Pourtant, ce fond commun d’intelligence sérieuse et sincère a produit, en Allemagne et en Angleterre, des formes d’esprit très différentes. Là, on a eu le temps, après avoir mis en pratique le primo vivere, d’ajouter le philosophari. Ici, outre l’influence celte et normande, le tourbillon de la vie active, — industrie, commerce, politique, — a déterminé autrement la direction habituelle de l’intelligence. Quoique capable des longs raisonnemens, l’Anglais a dû se tourner vers l’expérience. Au lieu de spéculer à perte de vue comme le Germain, il observe ; au lieu de déduire, il induit ; aux vastes synthèses, aux généralisations, aux abstractions, il préfère l’analyse patiente des faits particuliers et concrets. Il ne se laisse pas prendre, comme l’alouette française, au miroir des systèmes. Sa vue nette et précise saisit le détail ; elle se défie des trop vastes horizons. Bacon parle en Anglais lorsqu’il dit : « Il arrive souvent que de basses et petites choses en expliquent de très grandes, beaucoup mieux que les grandes ne peuvent expliquer les petites. » Ainsi, dans un milieu nouveau et avec un but nouveau pour son activité, le vieux Germain est devenu éminemment positif.

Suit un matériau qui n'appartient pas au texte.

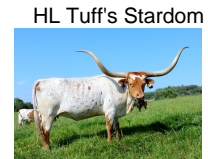
HL Tuff's Stardom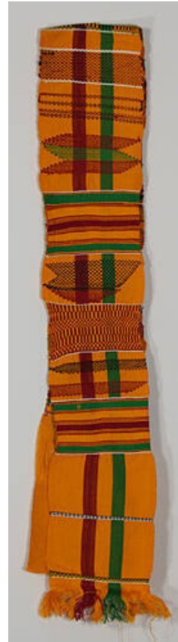
Title: Kente Cloth Strip Date: collected between 1960-1973 Primary Maker: Akan people Medium: cotton and dye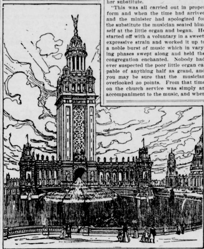
THE ELECTRIC TOWER.

348 feet above the basin in which it stands. It is planted on the east and west by long curved colonnades, which sweep to the southward and terminate in airy pavilions, forming a semi-circular space 200 feet across. Within this space and in a high niche in the main body of the tower are cascades, while all about the basin are leaping jets and countless playful fountains, each with its spurt of water, combining to make a brilliant water scene. At the center of the niche is a tall geyser fountain, whose waters find their way from the high basin within the niche over successive ledges and among a multitude of vases to the level of the pool.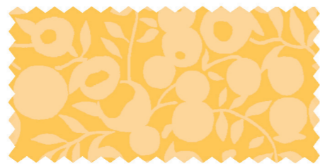
PRIMROSE 01666507A / 04775679Z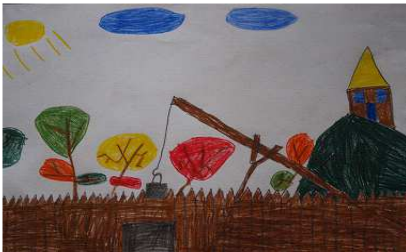
Kamil Jugowicz class III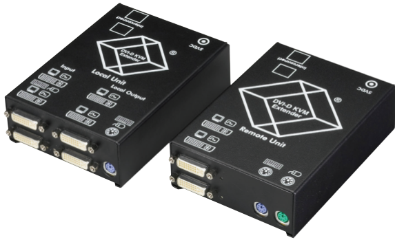
ACS2209A-R2 Local and Remote Units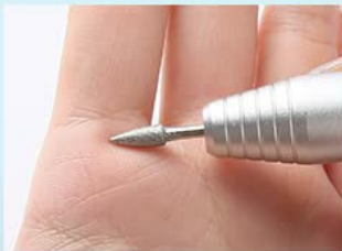
Cone Bit Remove cuticles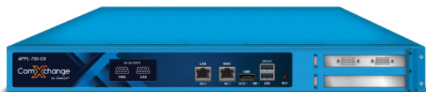
ComXchange CIP-750-CX 500 or Fewer Total Extensions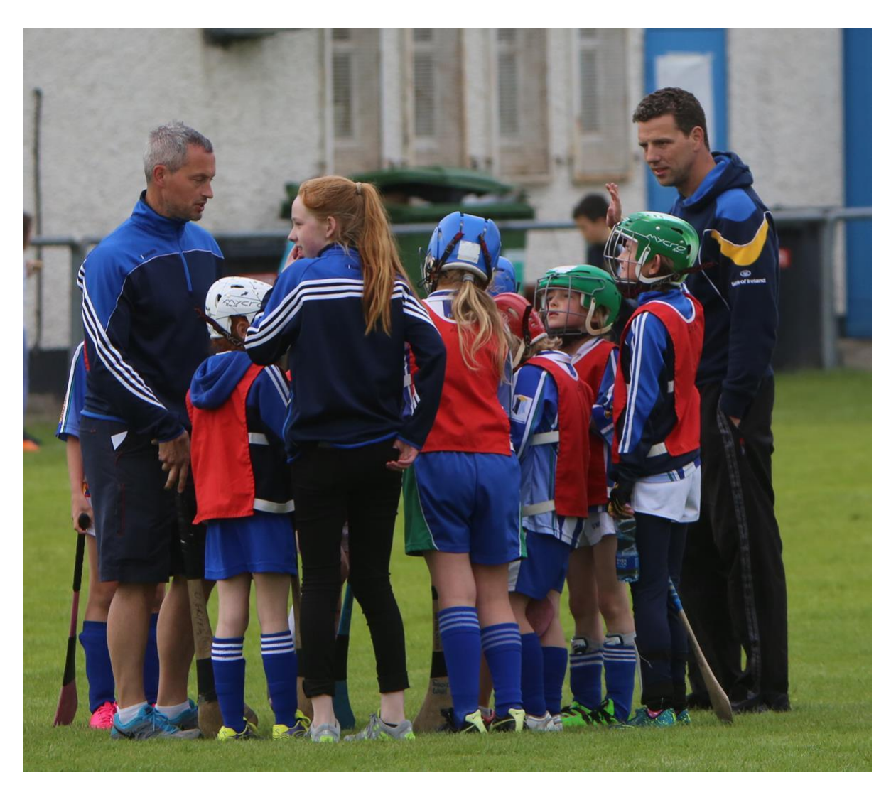
Click here for the rest of the terrific photos of a great evening enjoyed by all.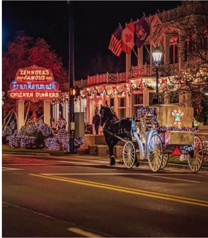
Fantasy Carriage Company Frankenmuth, MI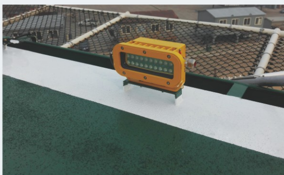
Helideck Explosion-proof Floodlight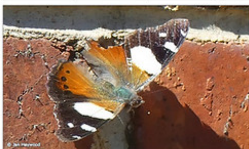
Yellow Admiral - white form ( Vanessa itea )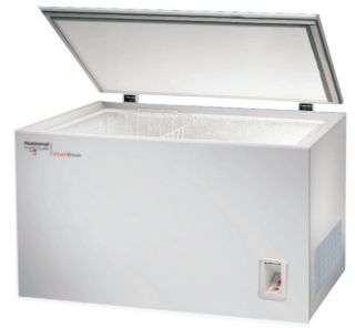
ProfiLine Pollux 3645WN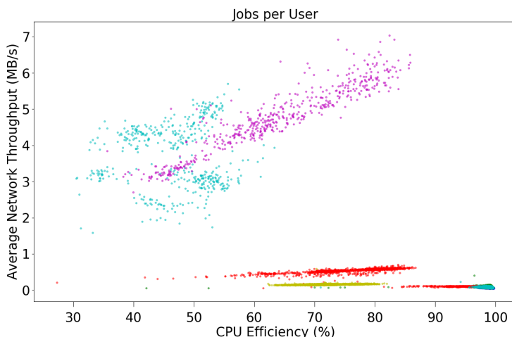
Figure 3. Monitoring data of finished jobs in our OBS which shows the CPU efficiency and the average incoming network throughput per job. Each color represents another user, which typically has one or two workflows. The distribution of the jobs is corresponding to their workflows.

Furthermore, we faced the challenge to manage a heterogeneous set of resource providers and resources in a dynamic way. We described our new approach via a feedback loop which should better react to the current demand and resource situations. This results in more efficient usage of the integrated resources. For this approach, we are currently developing the corresponding software. Furthermore, we are studying the correlation between CPU efficiency and network throughput per job to detect network limitations to further improve resource scheduling.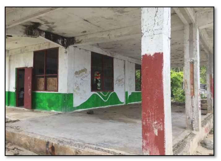
BLDG 1: MAJOR CRACK AT COLUMN 1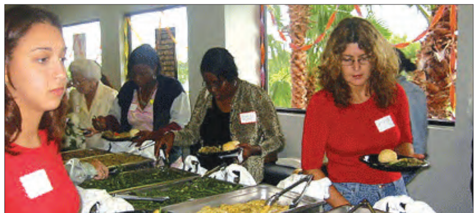
WORLD CUISINE: Students and faculty taste dishes representing different countries and cultures at last year's Diversity Awareness Day.

According to SPC, the event's purpose is to make students aware of the benefits of cultural diversity, to stimulate them to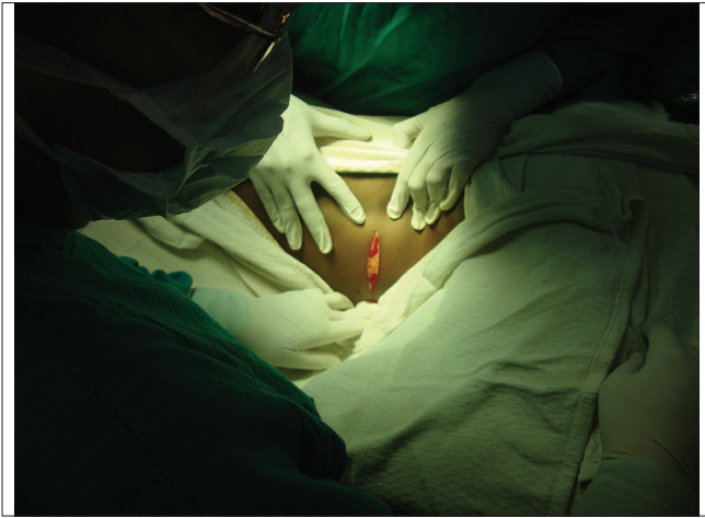
Figure 1: Incision starting at the tip of the 12 th rib in the lateral abdominal wall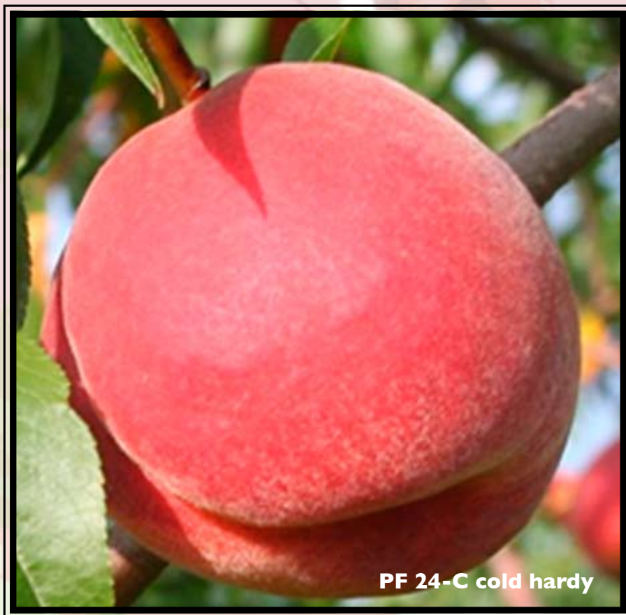
PF 24-C cold hardy

PF 24-C cold hardy , 22 days after Redhaven. This extraordinary peach had to be thinned very hard in 1999 when a winter freeze in Southwestern Michigan wiped out all other varieties. Then in 2002 there was a very late spring freeze, May 21st, and 15 varieties all around this cultivar failed and it again had a full crop. This peach is large, firm, highly colored, bacterial spot resistant, and has excellent, rich flavor. I believe this one to be of special interest to anyone with a questionable peach growing location and can be grown in several zones. The fruit has much better size and quality than other varieties thought to be hardy such as Reliance and Madison. April 4th of 2007 we had a very cold night with temperatures below 20 degrees F. and several nights in the low twenties following a very warm week. The preceding week of warm weather brought the blooms to an almost open state. This variety, deliberately planted in the lowest place on the farm, again, came through with flying colors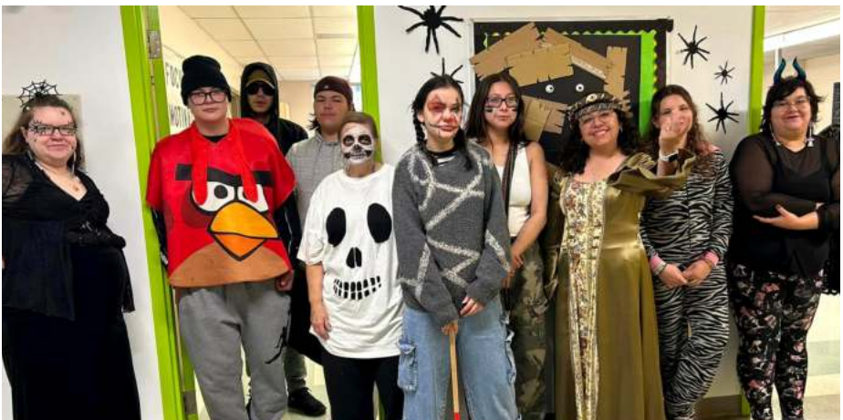
Val-d'Or Continuing Education Centre in the spirit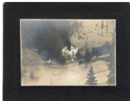
Stamp Mill Ruins on Fire (1979.87.6)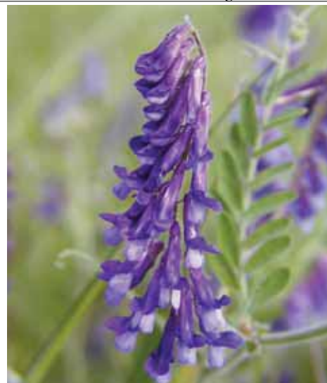
Purple vetch can accumulate 90 kg of nitrogen per acre and will provide about 45 kg of nitrogen per acre to the subsequent crop.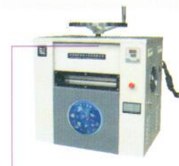
→ A4/A6 LAMINATOR 500/180pcs cards per hour Automatic air and water cooling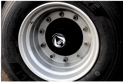
High speed 10 stud axles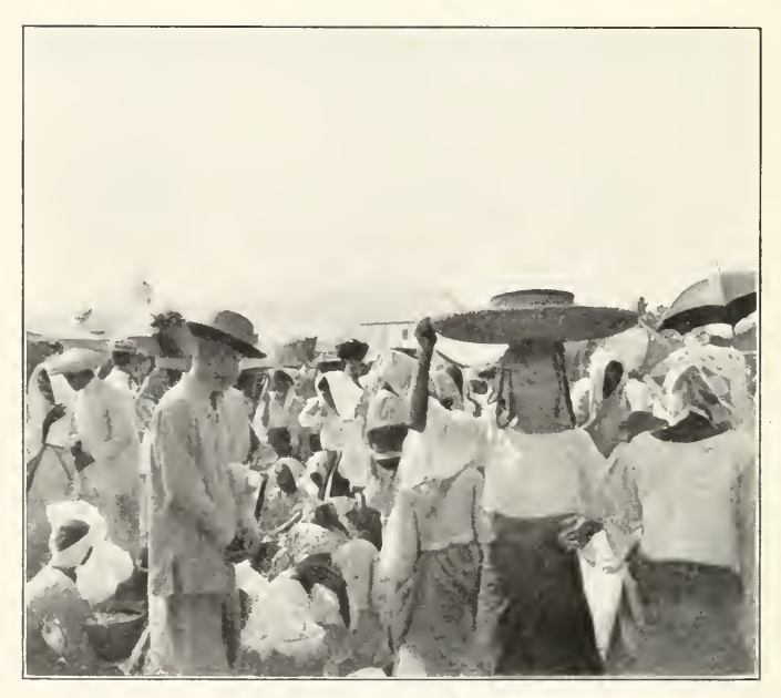
No 14 DAGUPAN MARKET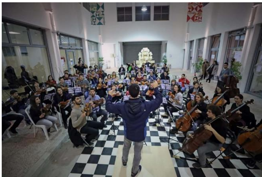
Photo 5: El Sistema Greece in concert, Kypseli Municipal Market, 2018.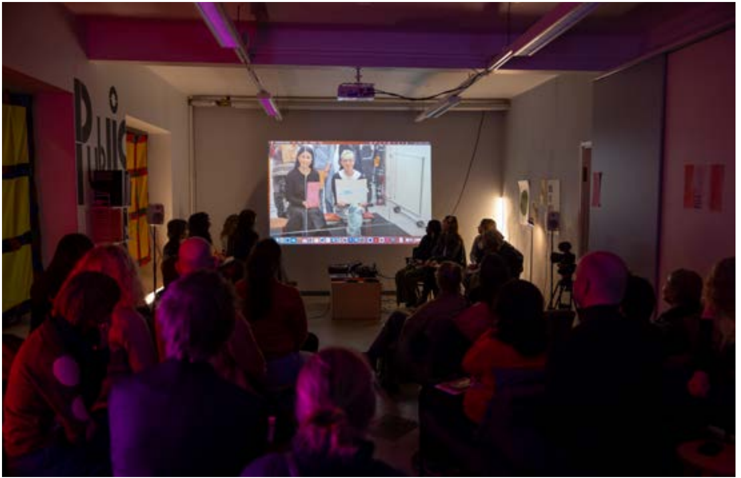
Book Launch of Reaching Out: A Book about Agency, Care, Identity and... at PUBLICS, February 23, 2026.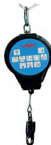
MODEL NO. RBFA-02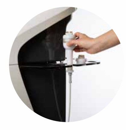
Shaped handpiece shelf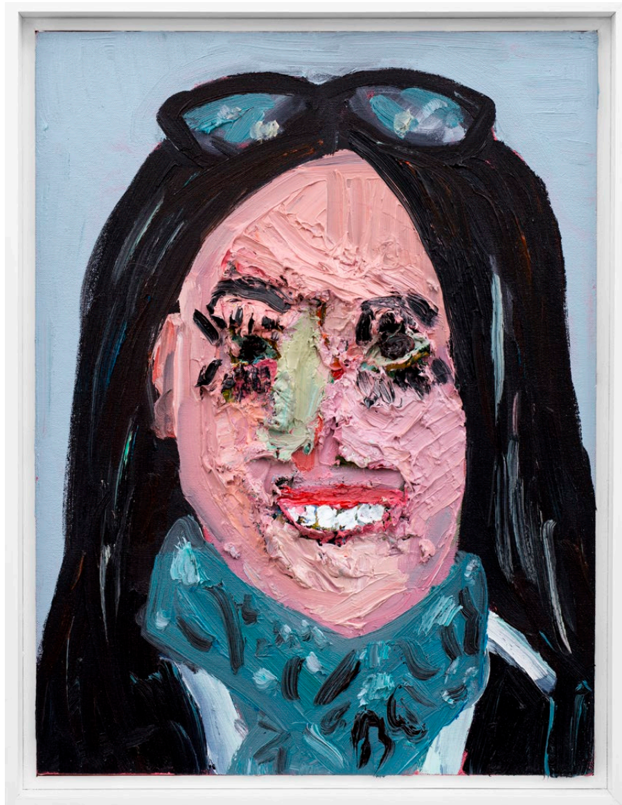
Gerogina Gratrix Liza 2019 Oil on Canvas 65 x 49.5 cm Unique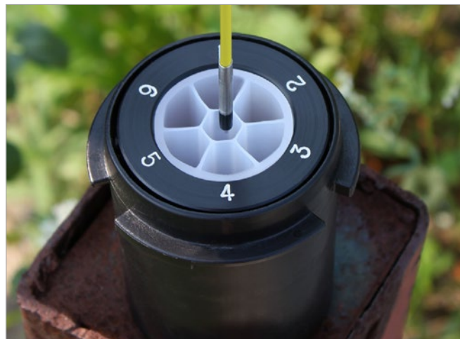
Measure water levels within the narrow channels of a Solinst CMT® System.

The 102M Mini Water Level Meter is available in 25 m and 80 ft lengths. There is the choice of the P4 or P10 Probe.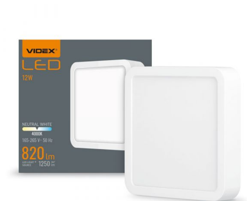
LED Surface Downlight Fixture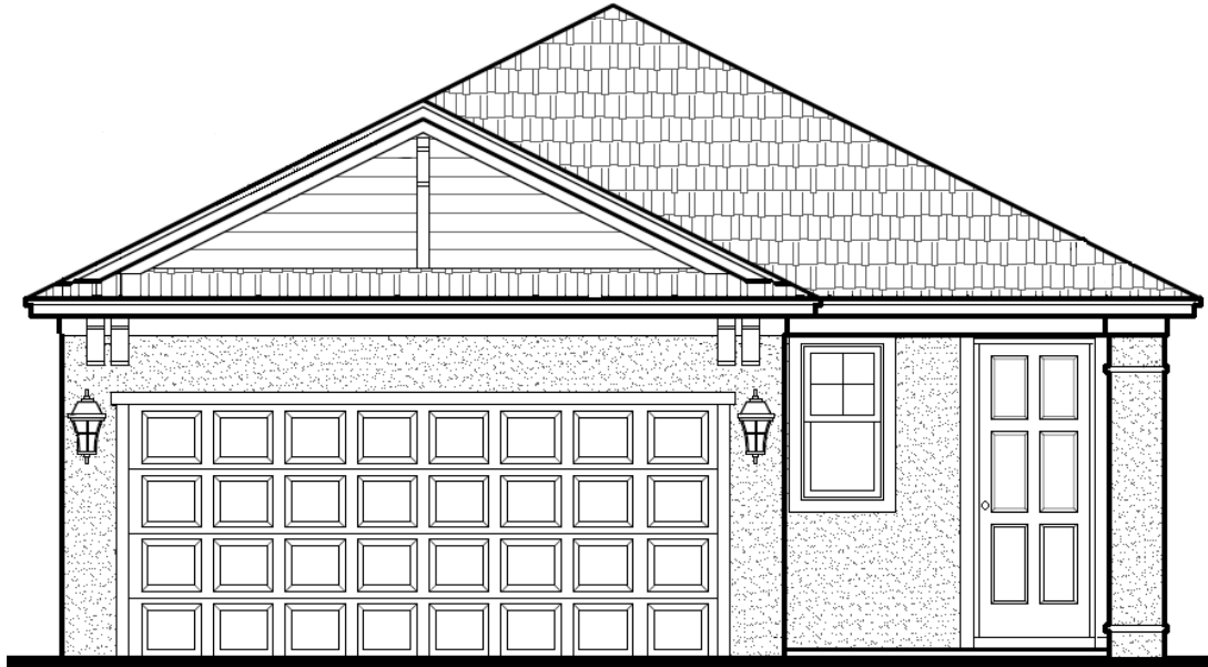
COASTAL ELEVATION - A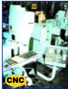
HURCO CNC VERTICAL MACHINING CENTER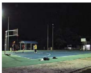
Night-lit Outdoor Court Interest/Priority Rating High Med Low Not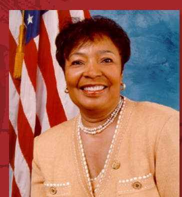
COMMITTEE ON SCIENCE, SPACE & TECHNOLOGY Eddie Bernice Johnson of Texas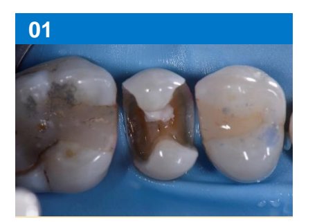
Intraoperative situation showing extent of large MODL Class II restoration. Resin-modified calcium silicate liner placed against area of deeper dentin with near-carious pulp exposure. Wedgeguards will protect against accident adjacent tooth grazing during preparation, and also double as the wedge for your Palodent V3 sectional matrix assembly.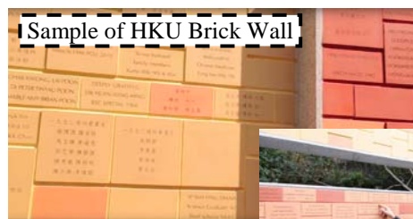
Sample of HKU Brick Wall

Location: 3 categories in different ways of presentation on Dedication Wall of the Sports and Music Complex

Dans le domaine des faits, l’Anglais est un chercheur incomparable. Son éducation, depuis des siècles, la toujours tourné de ce côté ; son esprit est entré dans le moule. Il a un goût naturel pour collectionner des faits ; toute sa vie il en collectionne. Qu’il soit chez lui ou à l’étranger, il remarque, il note. L’Anglais dit : Il faut être bien informé, well informed, et pour cela voir de ses yeux ; le Français dit : Soyons au courant ; — un courant qui le roule avec les autres, voilà son idéal. L’orientation finale du vieil esprit germanique vers l’utilitarisme intellectuel chez les Anglo-Saxons est la preuve de l’influence qu’exercent le milieu social, les idées régnantes, les traditions historiques. La tête anglaise est devenue le premier des appareils enregistreurs. Le Français intellectualiste joue très souvent avec les notions et les déductions, qui le charment indépendamment des résultats pratiques ; il est artiste en idées. Si ses raisonnemens se tournent en actes, c’est qu’ils ont éveillé en lui une de ses passions fondamentales ; il les réalise alors immédiatement, par une sorte d’impulsivité. Tout autre est, chez l’Anglais, le rapport de la pensée à l’acte. Ici, ce n’est pas le besoin de penser qui domine, c’est le besoin d’agir.